Almost 170,000 hours a week of homecare could not be delivered in the first three months of 2022 due to a shortage of care workers, according to the latest Waiting for Care and Support report from the Association of Directors of Adult Social Services (ADASS), and the number of people waiting for assessments, reviews or care to begin is now at over half a million.

The first three months of the year saw a 671% increase in unmet hours compared to spring 2021, according to the survey, which also found a 16% increase in the number of hours of homecare that have been delivered compared to spring 2021.

The number of people waiting for assessments, reviews, and/or care support to begin as of February 2022 was 506,131, a significant increase from the 294,353 people reported as waiting in September 2021. The burden of care is increasingly being passed to friends and relatives. As the report notes:

“This means that people will be waiting without support and relying on unpaid/family carers….. Others will not be living a decent life and are likely to be deteriorating (becoming dehydrated or malnourished or falling for example). A proportion will need admission to hospital or will see their health and wellbeing deteriorate significantly.”

More than six in 10 councils that responded (61%) to the survey said that due to a lack of care workers they were having to prioritise assessments and were only able to respond to certain cases, such as where abuse or neglect had been highlighted, those due to be discharged from hospital or from a temporary period of residential care to support recovery and reablement.

ADASS received 94 responses to its Waiting for Care and Support survey, a 62% response rate and the results have been extrapolated to represent figures for 152 local authorities.

Sarah McClinton, ADASS president said: ‘We have not seen the bounce back in services after the pandemic in the way we had hoped. In fact, the situation is getting worse rather than better.’

The latest data from Skills for Care show that home care companies and local authorities are struggling to recruit staff, with the vacancy rate continuing to rise over the last year, with a new high of 13.5% for domiciliary care in April 2022 (8.3% in April 2021).

This is not a new situation, nor one created by the pandemic, care workers have suffered poor pay, terms and conditions for many years as a result of over a decade of cuts to local authority funding by the Conservative central government.
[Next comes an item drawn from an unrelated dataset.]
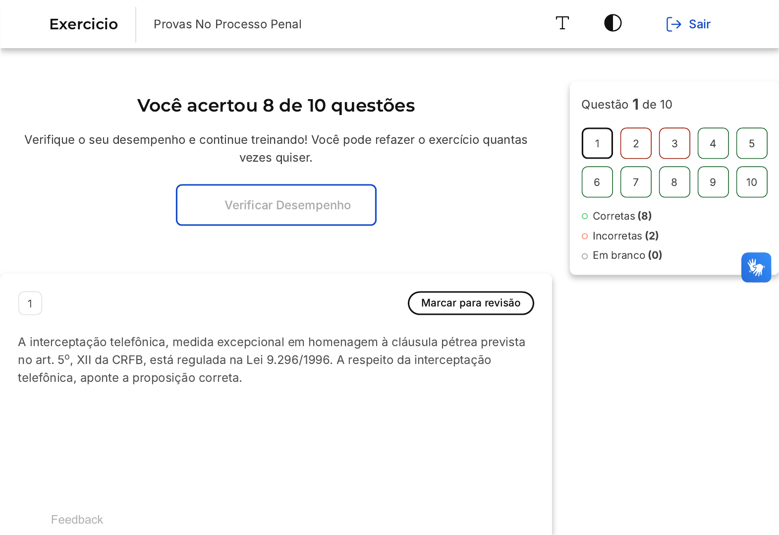 <p>Você acertou 8 de 10 questões</p><p>Verifique o seu desempenho e continue treinando! Você pode refazer o exercício quantas</p><p>vezes quiser.</p><p>Verificar Desempenho</p><p>1 Marcar para revisão</p><p>A interceptação telefônica, medida excepcional em homenagem à cláusula pétrea prevista</p><p>no art. 5 , XII da CRFB, está regulada na Lei 9.296/1996. A respeito da interceptação</p><p>telefônica, aponte a proposição correta.</p><p>o</p><p>Questão 1 de 10</p><p>Corretas �8�</p><p>Incorretas �2�</p><p>Em branco �0�</p><p>1 2 3 4 5</p><p>6 7 8 9 10</p><p>Feedback</p><p>Exercicio Provas No Processo Penal Sair</p><p>A</p><p>B</p><p>C</p><p>D</p><p>E</p><p>O STJ já fixou a tese de que não é legítima a prova obtida por meio de</p><p>interceptação telefônica para apuração de delito punido com detenção, ainda que</p><p>conexo com outro crime apenado com reclusão.</p><p>A atribuição para a execução de interceptação telefônica ordenada judicialmente</p><p>se restringe à polícia civil.</p><p>O STJ entende ser desnecessária a realização de perícia para a identificação de</p><p>voz captada, salvo quando houver dúvida plausível que justifique a medida.</p><p>O STJ entende ser necessária a realização de perícia para a identificação de voz</p><p>captada.</p><p>O STJ entende que há necessidade de degravação integral dos diálogos objeto de</p><p>interceptação telefônica.</p><p>Resposta correta</p><p>Parabéns, você selecionou a alternativa correta. Confira o gabarito comentado!</p><p>Gabarito Comentado</p><p>A alternativa correta é a C, que afirma que o Superior Tribunal de Justiça �STJ)</p><p>entende ser desnecessária a realização de perícia para a identificação de voz captada,</p><p>exceto quando houver uma dúvida plausível que justifique a medida. Isso está de</p><p>acordo com a jurisprudência do STJ, conforme os acórdãos do STJ� HC 453357/SP,</p><p>A</p><p>B</p><p>AgRg no HC 445823/PR e HC 409551/RJ. As demais alternativas estão em desacordo</p><p>com os entendimentos do STJ. Por exemplo, o STJ considera que não há necessidade</p><p>de degravação integral dos diálogos objeto de interceptação telefônica �HC</p><p>422642/SP, AgRg no AREsp 1301242/SP e RHC 92164/RJ�, que a atribuição para a</p><p>execução de interceptação telefônica ordenada judicialmente não se restringe à polícia</p><p>civil �RHC 78743/RJ, RHC 90125/SC e RHC 62067/SP�, e que é legítima a prova obtida</p><p>por meio de interceptação telefônica para apuração de delito punido com detenção,</p><p>desde que conexo com outro crime apenado com reclusão �HC 366070/RS, AgRg no</p><p>REsp 1717551/PA e AgRg nos EDcl no HC 293680/PR�.</p><p>2 Marcar para revisão</p><p>�UFPR � Juiz de Direito Substituto-PR/2012 - adaptada) A prova, no Processo Penal,</p><p>incumbirá a quem alega �CPP, art. 156�. Contudo, é correto afirmar que:</p><p>As provas derivadas daquelas consideradas ilícitas são sempre válidas e devem</p><p>ser recepcionadas sem ressalvas, sendo inadmissíveis só aquelas efetivamente</p><p>ilícitas.</p><p>Quando a infração deixa vestígios, a confissão do acusado supre o exame de</p><p>corpo de delito.</p><p>C</p><p>D</p><p>E</p><p>O juiz, de ofício, não pode ordenar a realização de provas antes do início da ação</p><p>penal, porque passa a presidi-la apenas depois do recebimento da denúncia.</p><p>O juiz pode determinar, no curso da instrução, a realização de diligências para</p><p>dirimir dúvida sobre ponto relevante da causa.</p><p>A prova declarada ilícita não precisa ser desentranhada.</p><p>Resposta incorreta</p><p>Opa! A alternativa correta é a letra D. Confira o gabarito comentado!</p><p>Gabarito Comentado</p><p>O artigo 156 do Código de Processo Penal �CPP) estabelece que a prova da alegação é</p><p>de responsabilidade de quem a faz. No entanto, o juiz tem a faculdade de determinar,</p><p>durante a instrução ou antes de proferir a sentença, a realização de diligências para</p><p>esclarecer dúvidas sobre pontos importantes do caso. O juiz também pode ordenar a</p><p>produção antecipada de provas consideradas urgentes e relevantes, mesmo antes do</p><p>início da ação penal, sempre observando a necessidade, adequação e</p><p>proporcionalidade da medida. As provas consideradas ilícitas, ou seja, aquelas obtidas</p><p>em violação a normas constitucionais ou legais, são inadmissíveis e devem ser</p><p>retiradas do processo. Portanto, a alternativa correta é a D, que afirma que o juiz pode</p><p>determinar, no curso da instrução, a realização de diligências para dirimir dúvida sobre</p><p>ponto relevante da causa.</p><p>A</p><p>B</p><p>C</p><p>3 Marcar para revisão</p><p>�CESPE � Juiz de Direito Substituto - DFT/2014 - adaptada) Na esteira da cláusula pétrea</p><p>prevista no art. 5 , XII, da CRFB/88, a Lei 9.296/1996 disciplinou a interceptação de</p><p>comunicações telefônicas, baseada em sua excepcionalidade. Com referência à</p><p>interceptação telefônica, assinale a opção correta.</p><p>o</p><p>O objetivo primordial da interceptação telefônica é reunir o maior número possível</p><p>de informações, a fim de produzir substrato probatório mínimo hábil a</p><p>desencadear eventual persecução penal, cabendo aos policiais executores da</p><p>medida proceder a uma espécie de filtragem das escutas interceptadas, conforme</p><p>a linha investigatória adotada.</p><p>A Lei n.º 9.296/1996, que trata da interceptação das comunicações telefônicas,</p><p>estipula o prazo de quinze dias para a interceptação de comunicações</p><p>telefônicas, renovável uma vez por igual período, vedadas, de acordo com o</p><p>entendimento jurisprudencial do STF e do STJ, as prorrogações por período</p><p>superior a esse prazo.</p><p>A quebra do sigilo telefônico pode ter por base, exclusivamente, denúncia</p><p>anô

But now the lack of care workers has been made very much worse by the triple whammy of – immigration issues that are part of Brexit, the Covid-19 pandemic, and the cost of living crisis. The Independent reports figures from the Care Workers Charity that show a record number of care workers are facing homelessness as they struggle with low pay and rocketing costs for food and energy. Despite working full time many have to switch off heating in their homes, rely on Universal Credit or handouts from family.

It is no surprise that care workers are now leaving for better paid work outside the sector, including in the NHS, cleaning, and retail, where they can command higher hourly rates. With advice from government ministers on national TV (Rachel Maclean talking to Kay Burley on Sky News) being to find a better paid job if you are struggling or work more hours, there will soon be no care workers left.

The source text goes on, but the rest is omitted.